Each area is different with right to redemption and interest paid. The quiet title done after auction and other details are the challenge. Attend auctions before you dive in. The last auction I went to I had done title research on about 20 of the 260 properties they sold at auction. It was a deed sale and you got deed to property in 2 weeks! The homes scheduled for demo also where made public at auction so it saved you that research. The county commissioner had a private auctioneer do the auctioning.
I bought a rehab it was a 2500+ sqft craftsman bungalow for 1220 dollars and an empty lot for 220. I had to pay 20 on each for deed fees.
120+ homes and 140 lots sold in 5 hours. The properties at auction all sold between 20 dollars for empty lots in older hoods that would make great building lots or gardens to 14000 for a car lot at the high end.
The home I bought had a one car garage and a fireplace and it was 2 story with full basement and brick foundation w hardwood floors through out and was in an average historic neighborhood. It had an arv of 80k and needed about 10k in fox and repair. Most of the homes sold between 3k and 10k and the lots averaged 200 to 1000. this is Evansville In we are talking about so its Ohio river valley KY border.

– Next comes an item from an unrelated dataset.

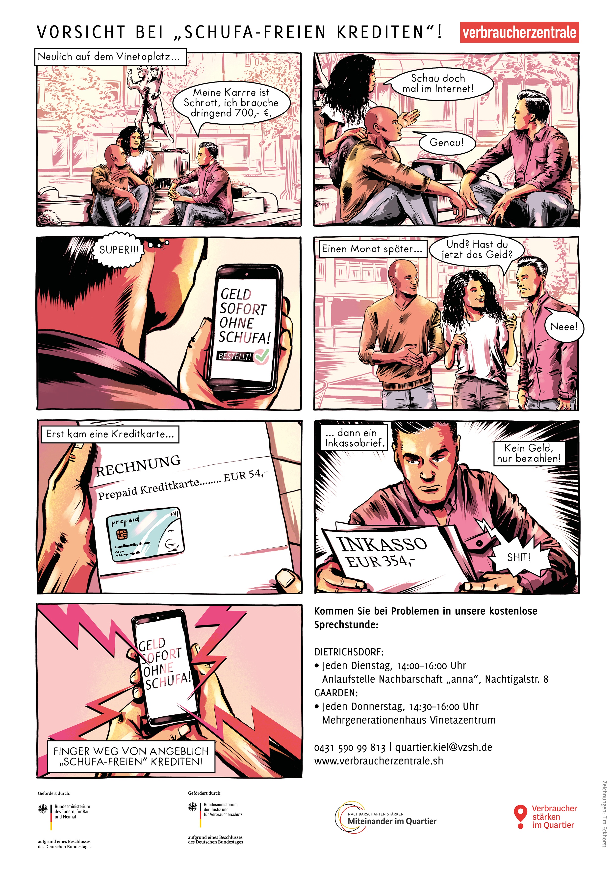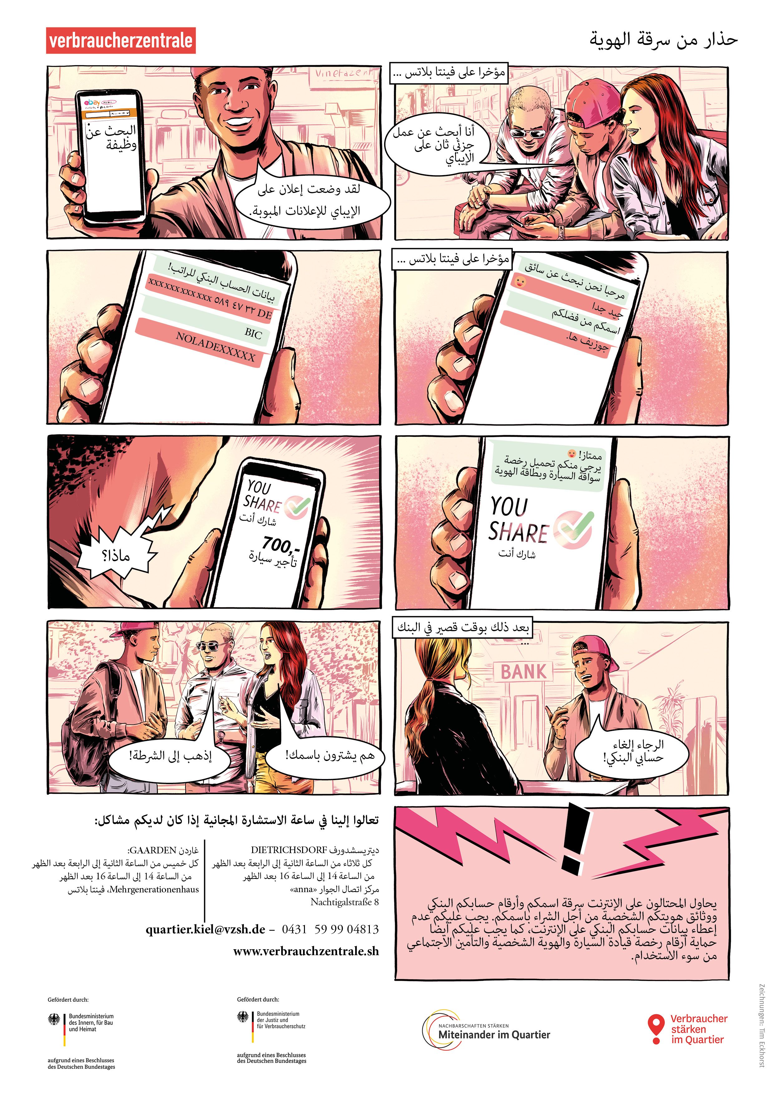 Hier gibt es die Comics "schufafreie Kredite" , "Kündigungsfristen bei Handyverträgen" und "Datendiebstahl bei der Jobsuche" in arabischer Übersetzung.
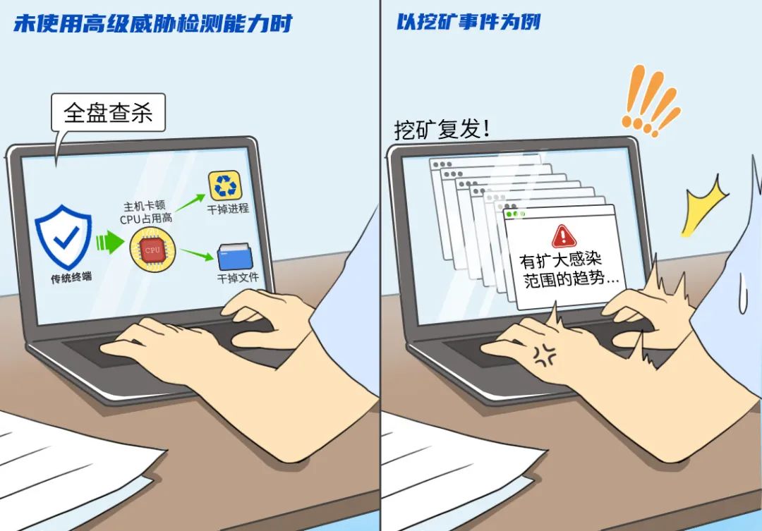 未具备全面行为检测能力的终端:当用户发现终端卡顿、CPU占用率高,立即使用杀毒软件进行全盘扫描查杀,在点击“处置”相关威胁文件、进程后,电脑恢复正常。然而次日上班打开电脑,再次出现电脑卡顿现象,于是再次使用杀毒软件、专杀工具查杀。最终,陷入病毒查杀循环,浪费人力精力。

I also do deals in TX and WVA cause they pay high interest and have deed sales.
I dont often go back to mls for deals when I can get homes for 15% to 20% on the dollar. If you are new and this seems like your type of thing my advise is work for free for a title co part time to learn how to do a title search. Or just ask at the court house.
Then go get some deals. In WVA I have bought land lots for 87 dollars and sold them on ebay for 750 dollars. I like doing rentals so thats my focus apts but if you want extra cash it is a nice sideline. I like land because I use it for agricultural pursuits so its different for me. 200 dollar lots . I plant with pear trees and apple trees it is a hobby for me;) Organic gardens and extra space for the ever increasing stuff I acquire.